Skip lines future (Feature Suggestion) #738 #1021

bhuvaneshwararaja · 2023-09-24T15:41:29Z

Issues No : #738

Description:

In this feature enhancement, Added the capability to skip a defined number of lines when converting a CSV (Comma-Separated Values) file to JSON format.

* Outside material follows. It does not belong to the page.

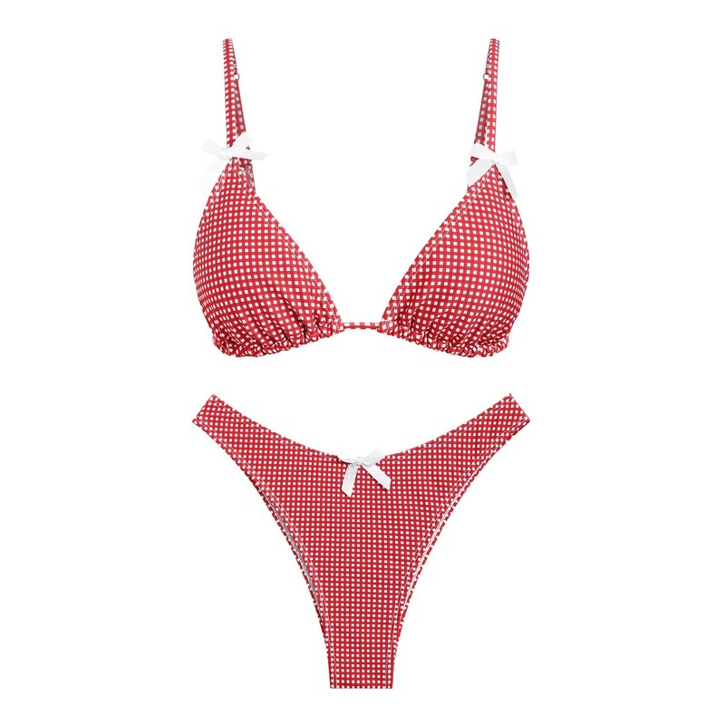 seamoly Women‘s Bikini Sets Two Piece Swimsuit Red Gingham Bow Decor Triangle Bikini Set Red, M
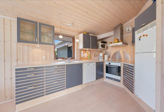 Her er en virkelig hyggelig stue med gode møbler og som er rigtig hyggeligt indrettet. Stuen står i åben forbindelse med det rummelige køkken, som blandt andet er udstyret med opvaskemaskine og mikroovn. Fra opholdsrummet er der udgang til den overdækkede terrasse, som er udstyret med havemøbler, liggestole og grill.

This functionality offers users more flexibility when dealing with CSV files with header information or metadata at the beginning, allowing for a more efficient and precise conversion process.

Changes Made:

Introduced a new configuration parameter, skipFirstNLines, which allows users to specify the number of lines to skip at the beginning of the CSV file during the conversion to JSON. This parameter supports values from 0 and above.
Implemented validation for the skipFirstNLines configuration parameter to ensure that it does not negatively impact the parsing process, even if it is set to 0 or given a negative value.
Enhanced the user interface of the player.html file by adding an input field that allows users to input the desired value for skipFirstNLines.
Updated the player.js script to retrieve and utilize the skipFirstNLines input from the user and incorporate it into the parser's configuration.

Test cases:

Included test cases to validate the functionality of the skipFirstNLines feature, ensuring that it behaves correctly under various scenarios.

Test 1: "Skip First N number of lines , with header",

Test 2: "Skip First N number of lines , without header",

Test 3: "Skip First N lines with value as 0 with header false",

Test 4: "Skip First N lines with value as 0 with header true",

Test 5: "Skip First N lines with value less then 0, with header true",

Test 6: "Without Skip First N Lines config",

pokoli · 2023-09-25T08:23:51Z

What you are proposing is already implemented using the preview config option.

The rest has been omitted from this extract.